Table 1 shows that the laminate sheet of the comparative battery (E) had cracks at the first bending. On the other hand, a battery (A) having a stretched resin layer as an upper layer and a lower layer of aluminum as a metal layer,
It was shown that the laminate sheets (B), (C), and (D) were much less likely to crack than the laminate sheet of Comparative Battery (E). Next, the battery (A)
To (E), using 10 pieces each, 800 mAh,
The battery was charged at a constant current and a constant voltage under the conditions of 4.1 V and 3 hours, and was brought into a fully charged state. Then, the welding margin portion 30 was bent in the terminal direction to be folded in two. 60 ° C, 90% R
It was left for 30 days in an environment of H. Then, the presence or absence of corrosion (visual) of the bent portion of aluminum, the swelling in the thickness direction of the battery, and the presence or absence of liquid leakage were confirmed. Table 2 shows the results.

[0014]

[Table 2]

Table 2 shows that the battery of the present invention did not corrode or leak the aluminum metal layer and hardly swelled as compared with the battery of the comparative example. Needless to say, the stretched resin sheet is not limited to the one used in the embodiment.

[0016]

According to the present invention, it is possible to provide a non-aqueous electrolyte secondary battery using a battery container made of a laminated sheet of metal and resin, which eliminates the yield during the manufacturing process and is easy to assemble. it can.

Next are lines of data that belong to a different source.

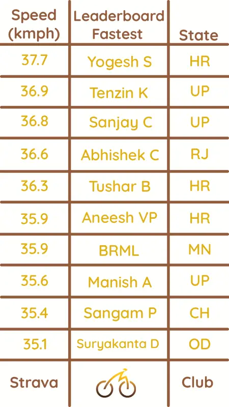 The top 76 have been riding at a seriously impressive pace.Fastest of the lot is Yogesh Saini from Haryana who averaged an incredible 37.7 kmph over the week! He was first last week as well.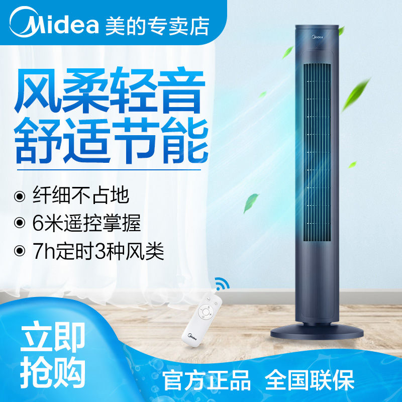 Midea Electric Fan Household Tower Fan Floor Fan Remote Control Fan Shaking Head Anion Bladeless Fan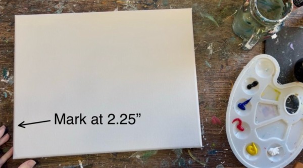 Start by measuring 2.25″ from the bottom of the canvas and making a little mark. If you are using a different size canvas, estimate about 1/5th of the canvas. This will be where the black shadowy silhouette land will start and where the three wisemen will be. We want to ensure this area above this mark will have bright colors so that the silhouette will stand out.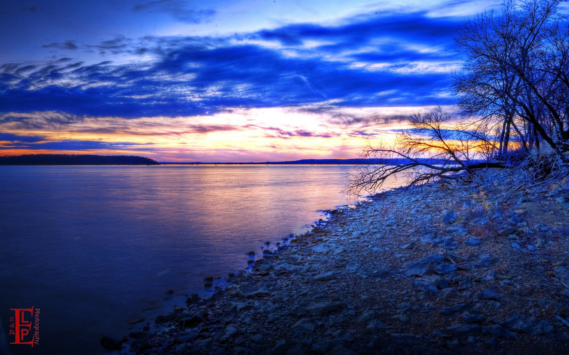 Hermosa puesta de sol junto al río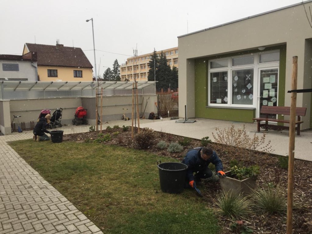 • vysadili nízké keře a trvalky a následně záhony u vchodu částečně zamulčovali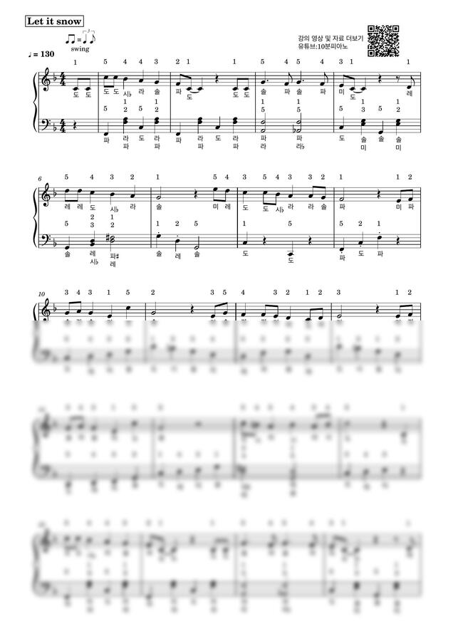렛잇스노우(Let it snow) 쉬운 악보 초보,입문자용 계이름,손가락 번호 포함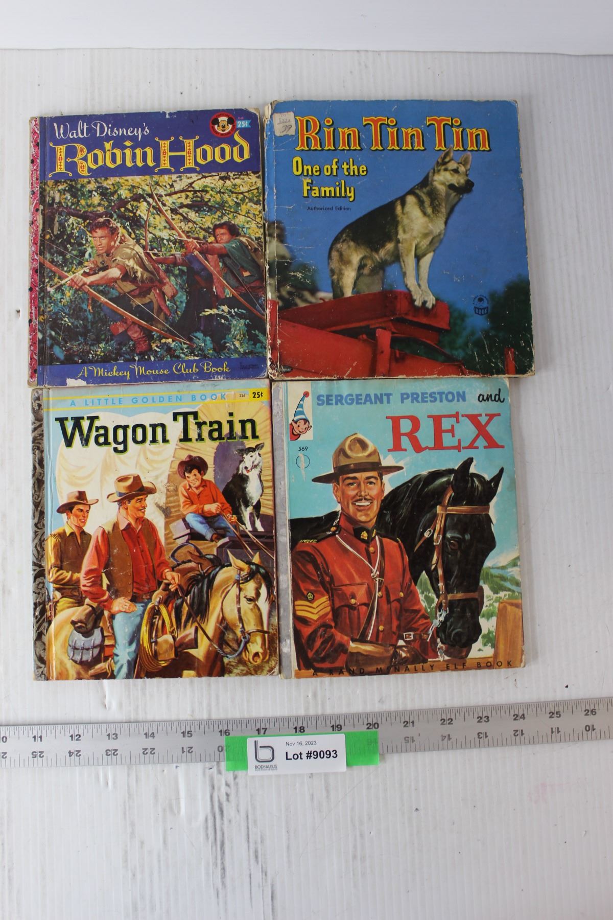 (4) Vintage Children's Books, Hard Cover - Rin Tin Tin, Robin Hood, Wagon Train, Sergeant Preston and Rex
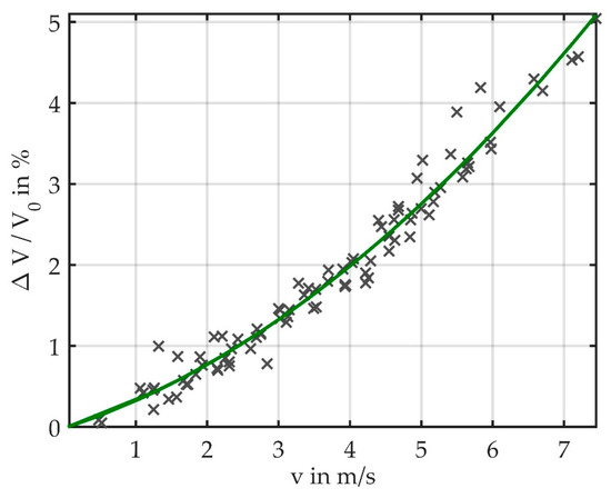 Although the same set of supply voltages was applied in each measurement, the flow velocities measured by means of the testo constant temperature anemometer (CTA) scattered (see Figure 8) due to the significant measurement error of the testo device. Between 0.1 m/s and 2 m/s, the measurement error amounts to 0.1 m/s + 5% of the result; between 2 m/s and 15 m/s it amounts to 0.3 m/s + 5% of the result. We thus could not calculate confidence intervals, the results however show that the light loss depends quadratically on the flow velocity.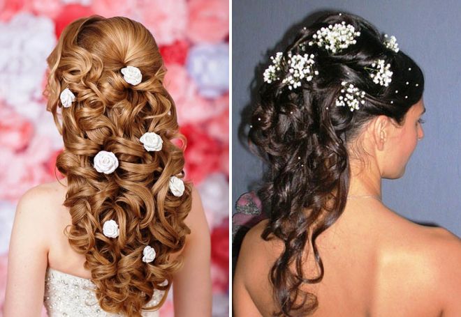 - россыпь мелких цветочков обыкновенно размещается на фате. Между тем, некоторые девушки украшают свою прическу таким образом при помощи большого количества маленьких заколок или шпилек с наконечником в виде цветка;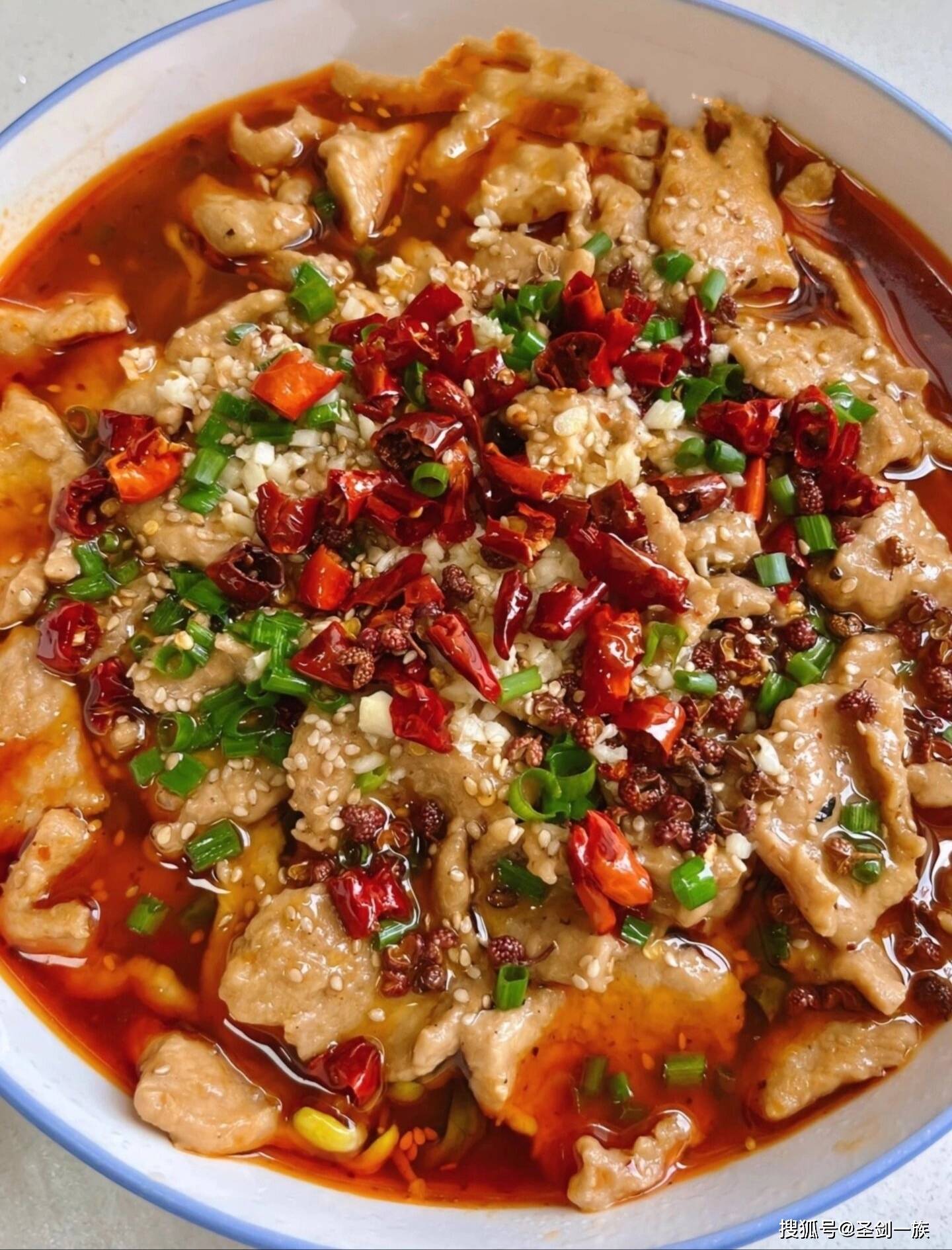 7. 在肉片表面放上大量干辣椒、花椒和剩下的蒜末,锅中烧一勺热油,烧至冒烟后,直接浇在辣椒和花椒上,麻辣香味瞬间激发,最后撒上葱花,麻辣鲜香,又香又过瘾,客人吃了都夸正宗。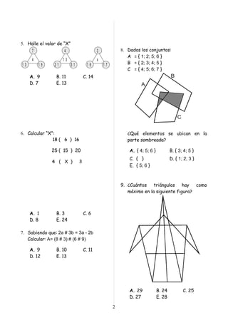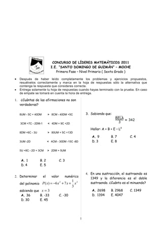 Este documento presenta un concurso de matemáticas para estudiantes de sexto grado con 14 problemas matemáticos. Los estudiantes deben resolver los problemas correctamente y marcar sus respuestas en una hoja. En caso de empate, se tomará en cuenta la hora de entrega.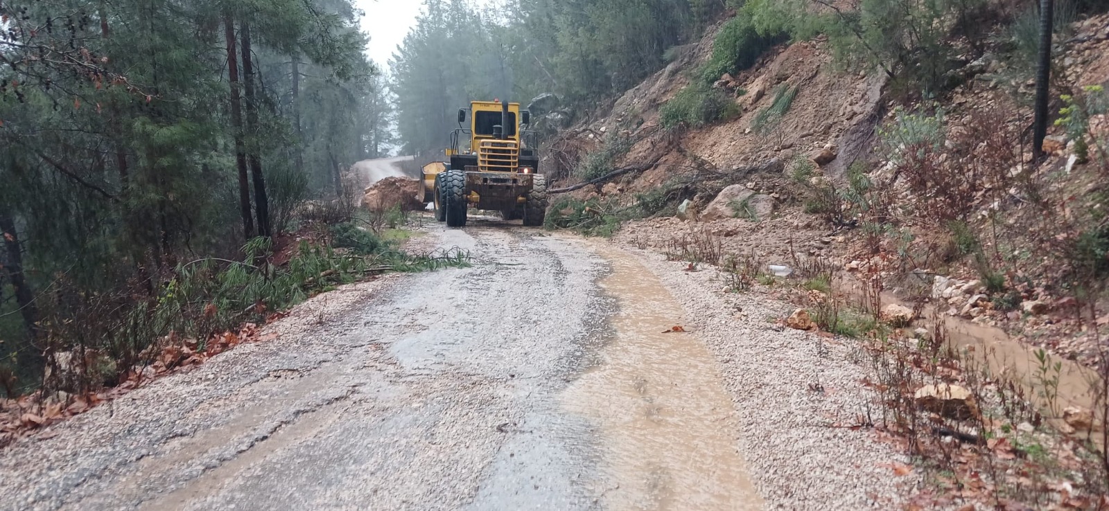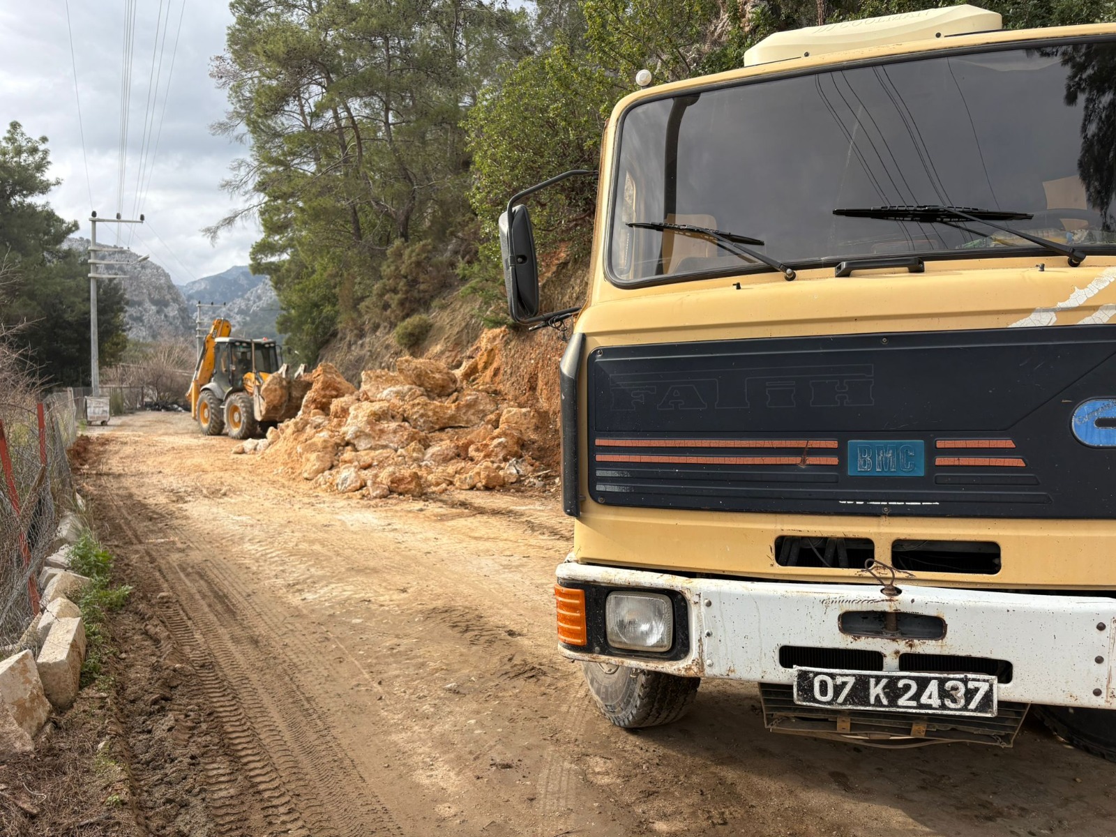 Çıralı'da yağış edeniyle oluşan heyelan sonrası çöken yolun tamiratını yapan belediye ekipleri, yolun yeniden trafiğe açılmasını sağladı.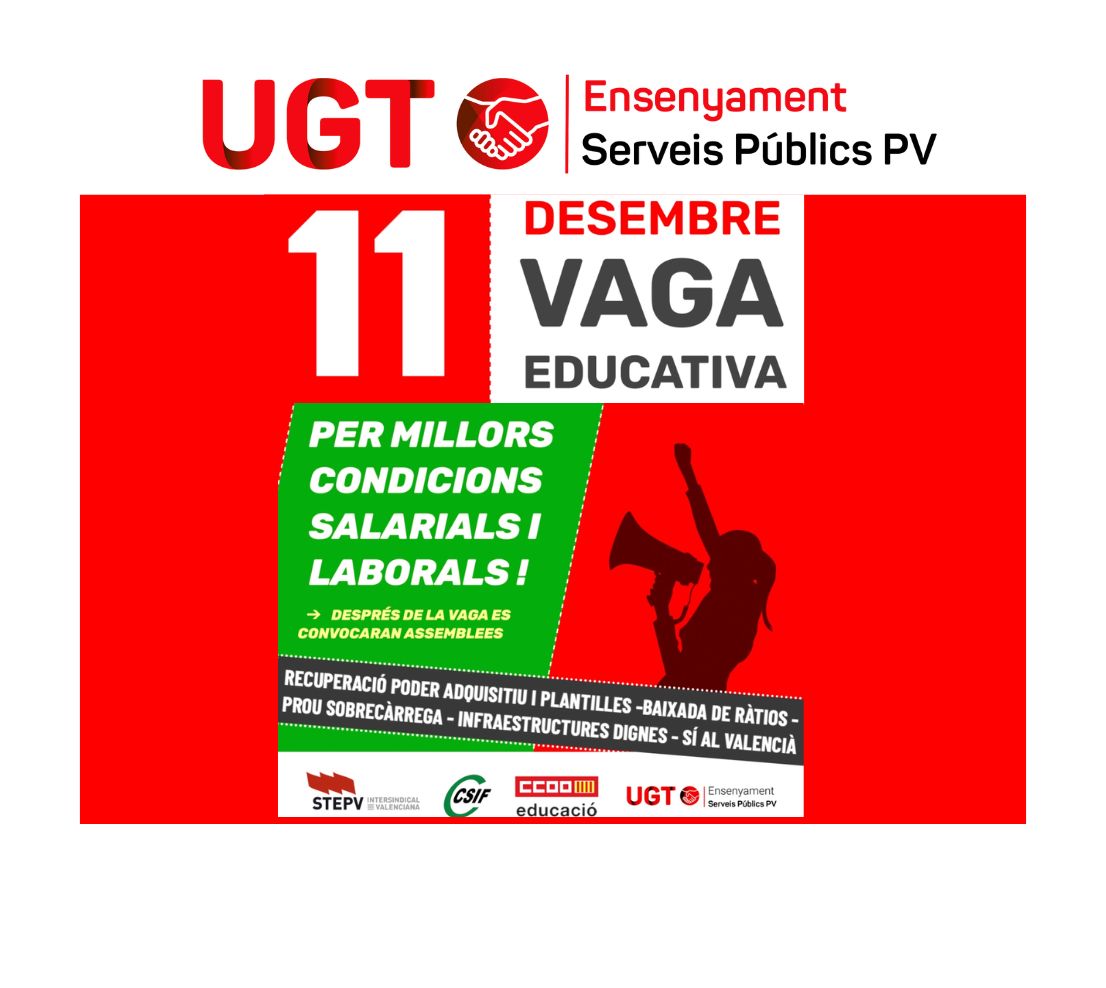 Els sindicats STEPV, CSIF, CCOO i UGT, amb el suport de la Plataforma per l’Ensenyament Públic, han convocat una vaga general educativa el pròxim 11 de desembre a tot el sistema educatiu públic no universitari del País Valencià.

[Brief description of the drawings]

FIG. 1 is an explanatory diagram of a nonaqueous electrolyte secondary battery according to one embodiment of the present invention.

FIG. 2 is an explanatory diagram of an electrode body of the nonaqueous electrolyte secondary battery according to one embodiment.

FIG. 3 is an explanatory sectional view of an aluminum laminate sheet constituting the battery container according to one embodiment;

[Explanation of symbols]

 DESCRIPTION OF SYMBOLS 1 Non-aqueous electrolyte secondary battery 5 Positive electrode lead terminal 5 'Negative electrode lead terminal 6 Battery container 10 Fixing means 12 Electrode body 20 PET layer 22 PET layer 23 PE layer 24 Modified PE layer 21 Aluminum layer

 ──────────────────────────────────────────────────続 き Continuing on the front page F term (reference) 4F100 AB01A AB10A AK01B AK01C AK42B AK42C BA03 BA06 BA10B BA10C BA13 EJ37B EJ37C EJ38B EJ38C GB41 JL02 5H011 AA03 AA09 CC10 DD13 EE04 FF04 GG09 H03 AM03 AJ03A03 AM07 AM16 BJ02 BJ14 CJ03 DJ02 EJ01 EJ11

Claims (2)

[Claims] 1. A battery in which a laminate sheet having a metal layer and a resin layer is a constituent element of a battery container, comprising a stretched resin layer as an upper layer and a lower layer of the metal layer. 2. The battery according to claim 1, wherein the battery is a non-aqueous electrolyte secondary battery.